A few days ago I pulled a couple of boxes down from our attic, looking for some pictures of old times with old friends. I found a few and was glad to see them. But even better was finding a stack of letters written 33 years ago.
The six months prior to our wedding Gail lived in Portsmouth, VA, her home town and I lived in Lynchburg, VA with my parents while wrapping up my last semester of college. She had finished her college work the previous semester and moved home to work; teaching in an elementary school and to making all the preparations for our wedding.
During those six months we wrote each other almost daily. It was in the dark ages before computers and email and when long distance phone calls were not cheap. Writing letters was still the most cost effective form of communication. It's pretty much a lost art now. First class postage was just 13 cents.
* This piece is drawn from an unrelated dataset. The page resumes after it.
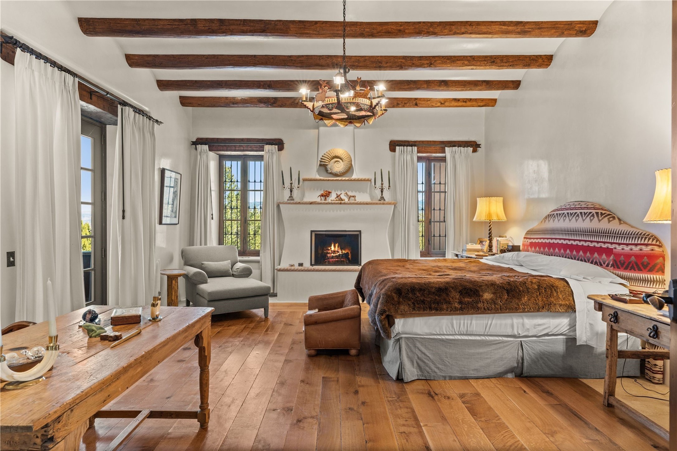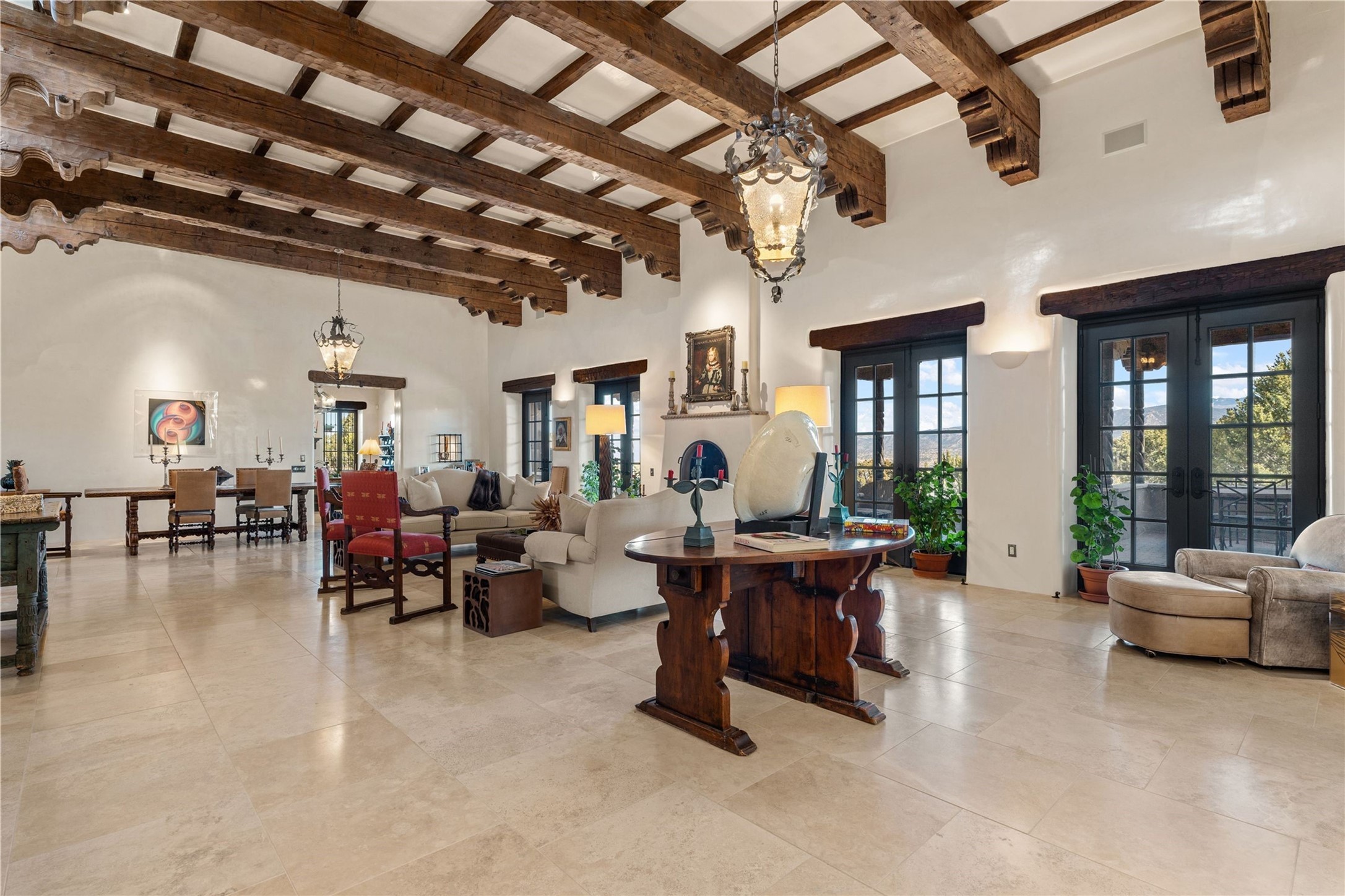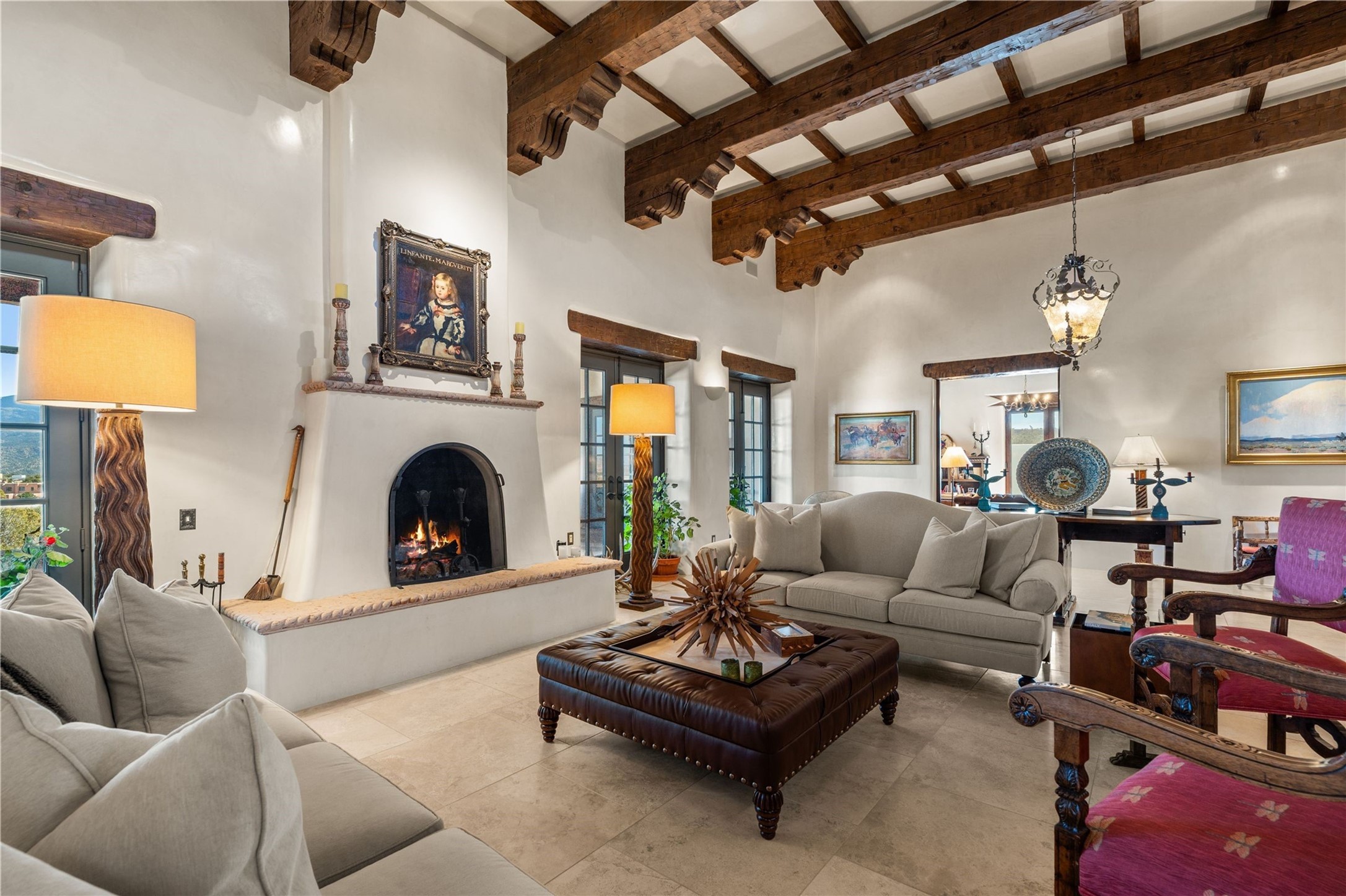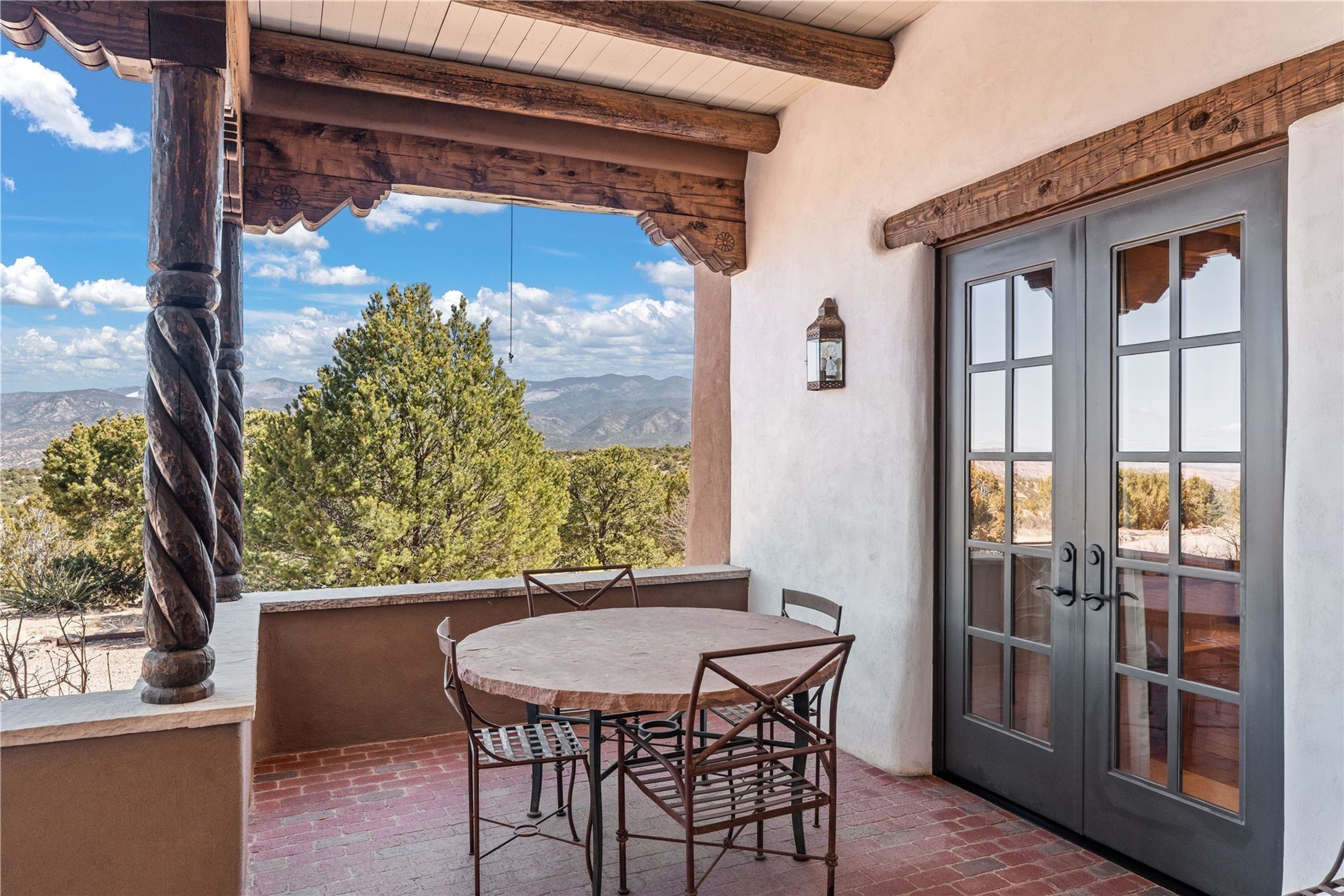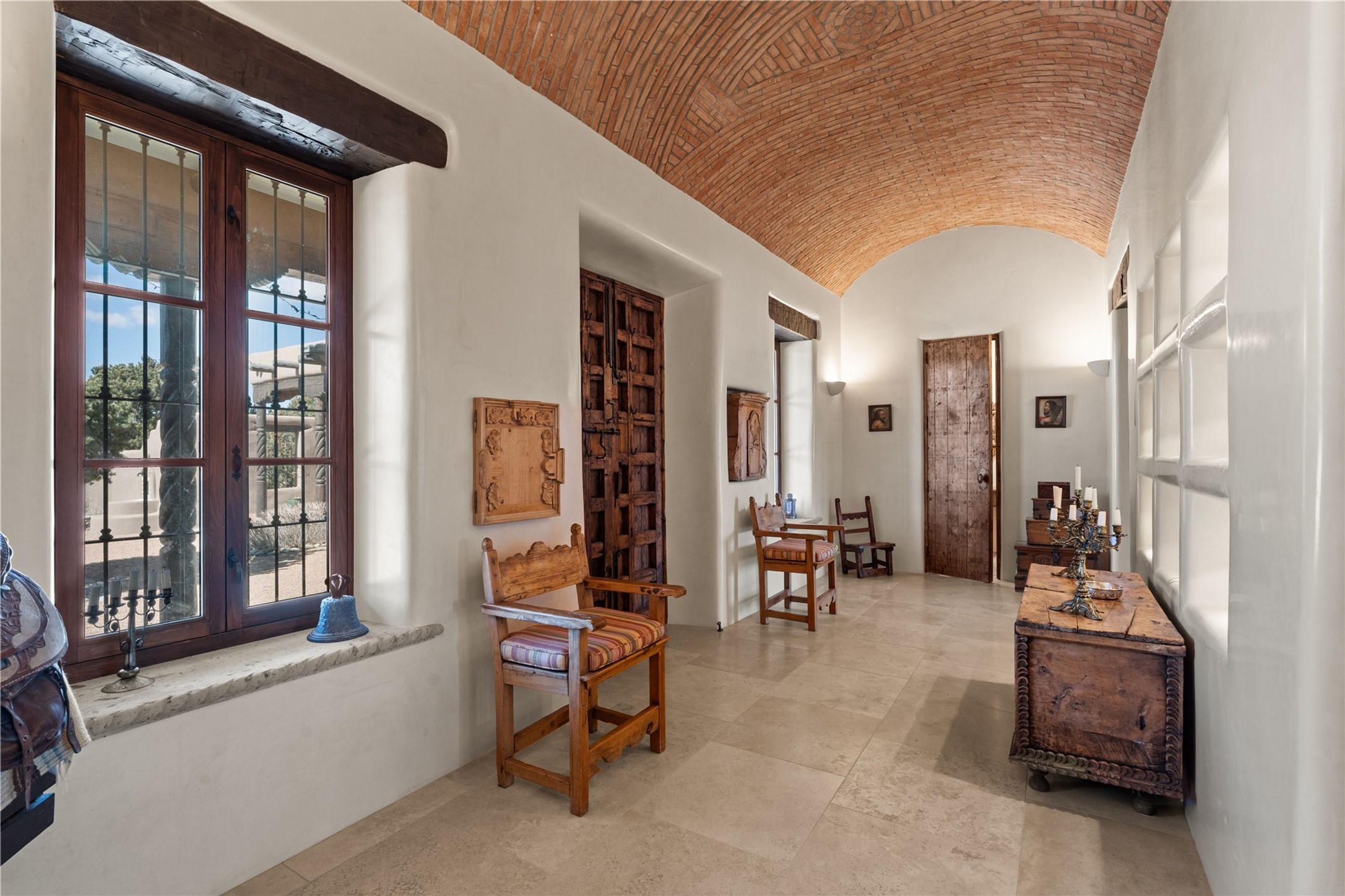 Reminiscent of a colonial hacienda, this impressive estate offers privacy, views, an adobe walled-in main residence and casita, plus a studio/guest house. Beautifully sited on nearly 10 acres (comprised of 2 separately deeded lots), and featuring the highest quality construction (double adobe in the main house). The Main house consists of 2 bedroom suites plus 2 half baths; the Casita consists of 2 bedrooms and 2 baths, and the Studio/Hogan has 1 bedroom,1 bath. There is an expansive portal and a roof top deck, 7 Fireplaces, private well and 12' and 15' Ceilings in public areas. This property is one of Santa Fe's finest.

I had forgotten about all the letters. So the last couple of evenings I spent opening the envelopes back up and reading them again for the first time since 1977. It's amazing the details that get lost in the dust of time.
When you're married as long as we have been you should be more in love than ever before. I think we are. (She doesn't know that I've been sitting across the room from her while she works on her laptop, mostly just admiring her.) Certainly our love has matured with the years and through the experiences we've had, good and bad.
But I have to admit reading those old letters and reliving the magic of young love has brought more than one smile to my face. And the fact that she still loves me makes me continue to hold her in wonder; even more so now than then, I think.
Now, if I can muster the courage to open up and read the letters I wrote to her. She thought they were wonderful, and she told me so. But I'm afraid I probably sounded pretty goofy.